Samarinda – “Waktu yang dijanjikan sudah lewat, hampir satu bulan. Seharusnya sudah ada progres,” tegas Sarkowi V. Zahry, anggota Komisi IV DPRD Kalimantan Timur, menyikapi lambatnya perkembangan penanganan kasus dugaan tambang ilegal di Kawasan Hutan Dengan Tujuan Khusus (KHDTK) milik Universitas Mulawarman. Hingga awal Juli 2025, belum ada satu pun tersangka yang ditetapkan, meski Surat Pemberitahuan Dimulainya Penyidikan (SPDP) telah dilayangkan ke Kejaksaan Tinggi Kaltim sejak akhir Mei lalu.
Menindaklanjuti kemandekan kasus ini, DPRD Kaltim akan menggelar rapat gabungan lintas komisi pada Selasa, 10 Juli 2025 pukul 14.00 WITA. Rapat ini akan melibatkan Komisi I (hukum dan pemerintahan), Komisi III (pertambangan dan energi), serta Komisi IV (lingkungan hidup dan kehutanan).
“Ini penting agar penanganannya komprehensif. Komisi I fokus pada aspek hukumnya, Komisi III pada pertambangan, dan Komisi IV pada lingkungan,” jelas Sarkowi, legislator dari Fraksi Golkar.
Rapat ini sempat tertunda akibat padatnya agenda DPRD, termasuk rangkaian rapat dan hearing seputar program GratisPol. Namun, mengingat dampak lingkungan dan urgensi penegakan hukum, DPRD menilai penanganan kasus tambang ilegal di KHDTK Unmul tidak bisa lagi ditunda.

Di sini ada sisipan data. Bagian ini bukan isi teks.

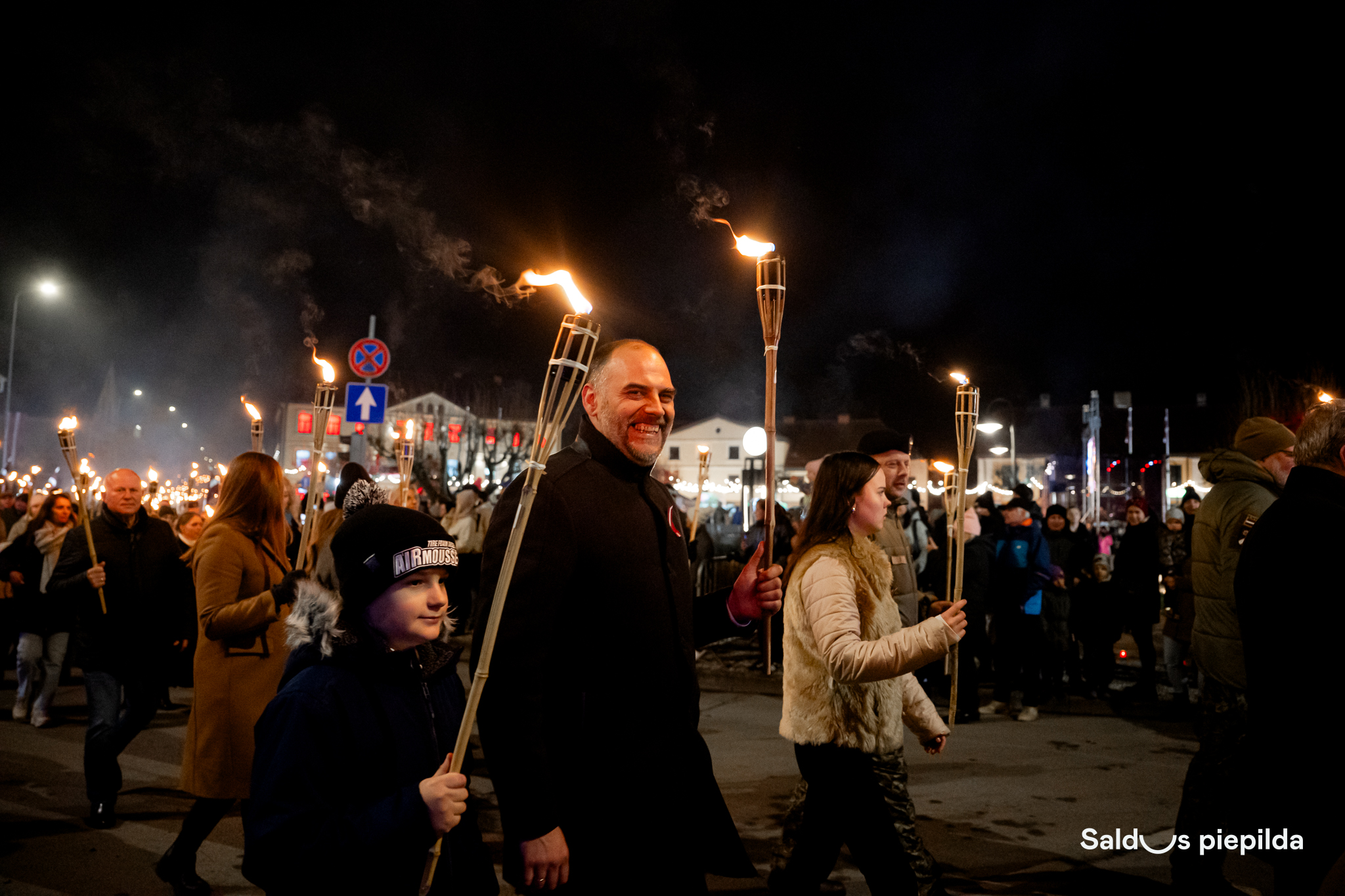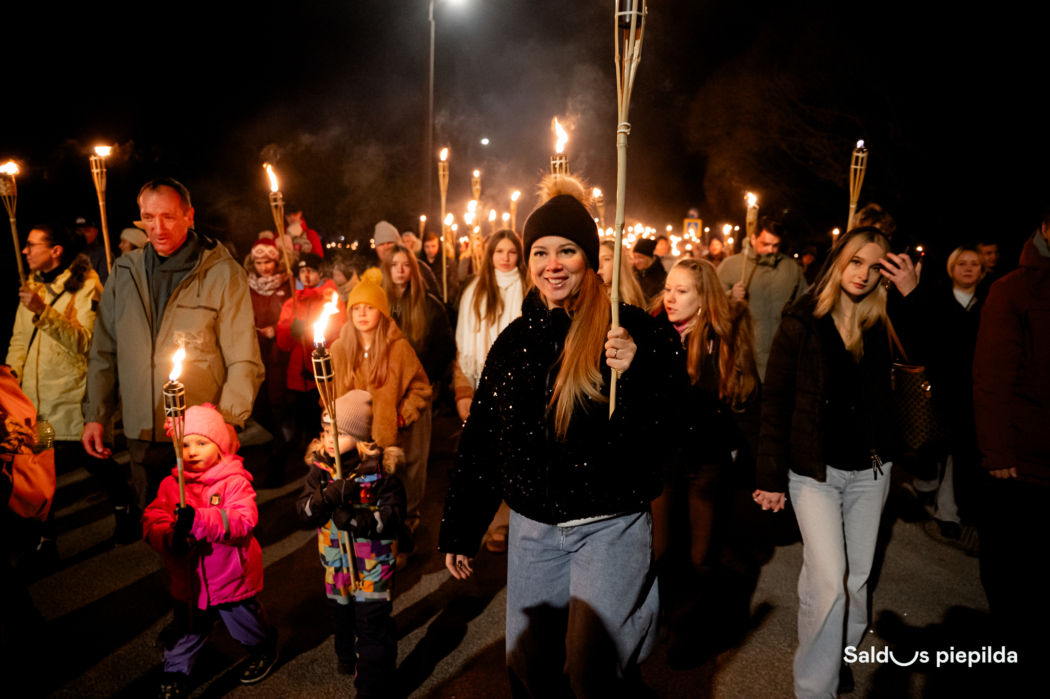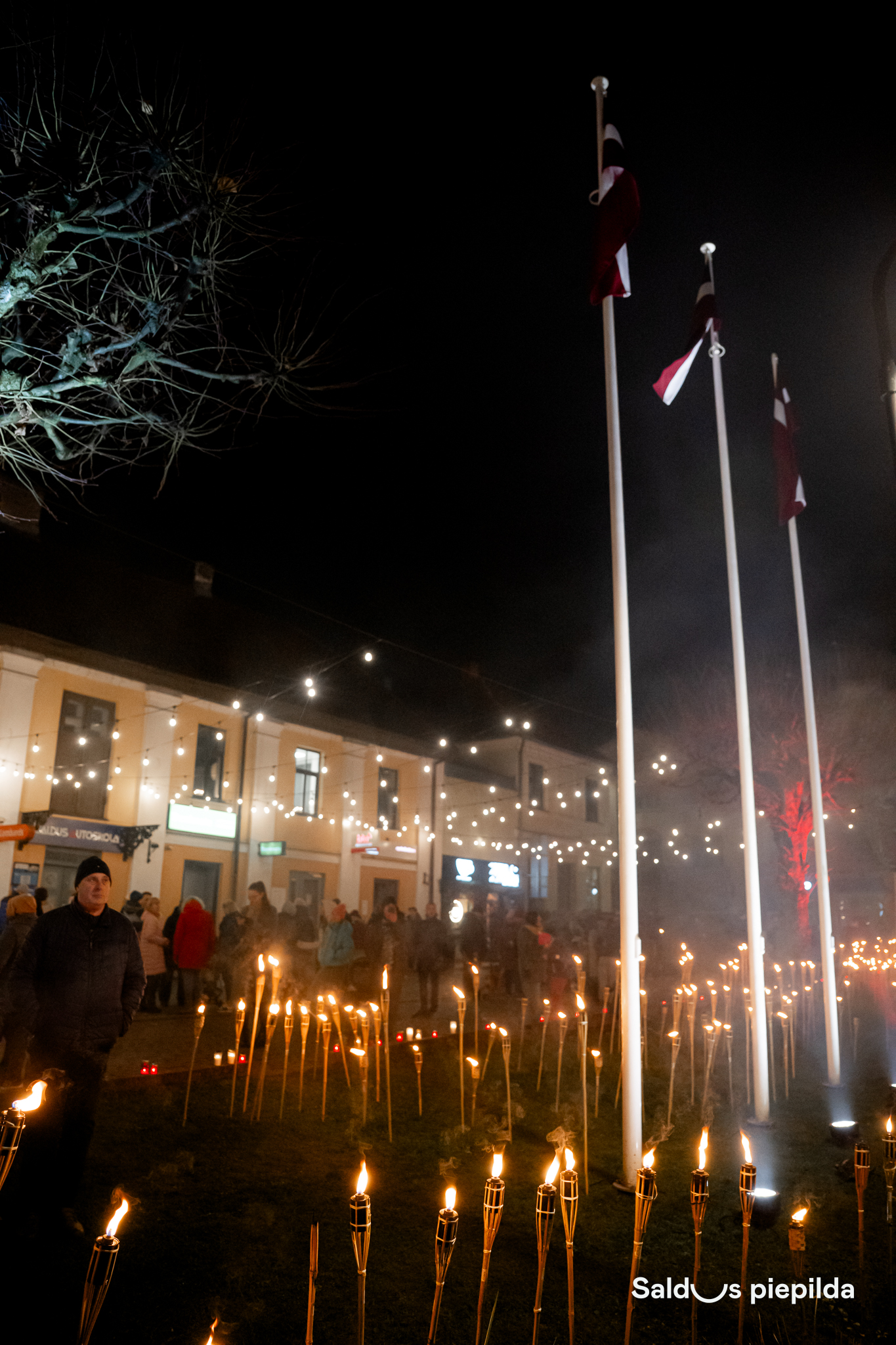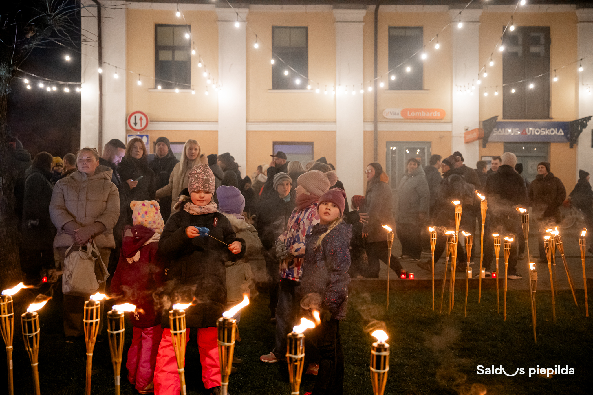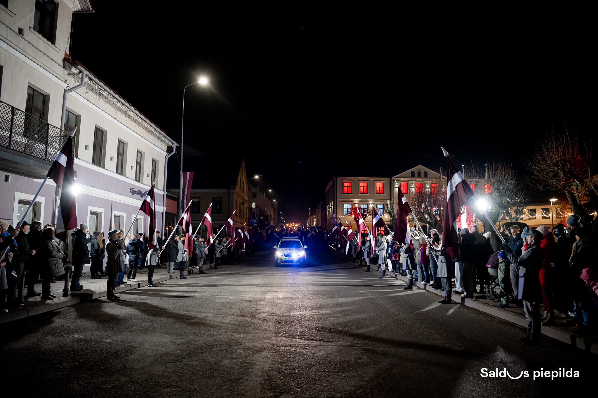 11. novembra vakarā Saldū valdīja vienota un patriotiska noskaņa, kad novadnieki un pilsētas viesi vienojās Lāpu gājienā. Tūkstošiem lāpu, sveču un stipru cilvēku devās cauri Saldus pilsētas ielām, radot īpašu gaismas un vienotības sajūtu. Šogad Lāpu gājienā piedalījās arī Saldus novada sadraudzības pilsētu delegācijas no Benficas (Portugāles) un Šilutes (Lietuvas).

DPRD Kaltim juga telah mengagendakan pemanggilan sejumlah pihak untuk dimintai keterangan dan pemaparan, termasuk Polda Kaltim, Gakkum Kementerian LHK, Universitas Mulawarman, Dinas ESDM, serta Dinas Lingkungan Hidup Provinsi Kaltim.
Kasus ini pertama kali mencuat pada 7 April 2025, dan resmi naik penyidikan pada 19 Mei 2025. Sehari setelah itu, SPDP dikirim ke Kejati Kaltim. Namun, meskipun penyidik telah memeriksa 12 saksi dan 4 ahli dari berbagai bidang, belum ada nama yang ditetapkan sebagai tersangka.
“Kami ingin mendengar langsung, sejauh mana progresnya. Jangan sampai publik terus bertanya-tanya tanpa kejelasan,” ujar Sarkowi.
Ia menekankan pentingnya transparansi agar masyarakat tidak terjebak pada asumsi liar. Bagi DPRD Kaltim, kasus ini bukan hanya soal kerusakan hutan, tapi juga soal integritas hukum dan tata kelola sumber daya alam.
“Kita akan fokus pada substansi. Kalau memang ada pihak yang harus bertanggung jawab, segera tetapkan. Kalau tidak, harus dijelaskan kenapa,” tutupnya. (ADV).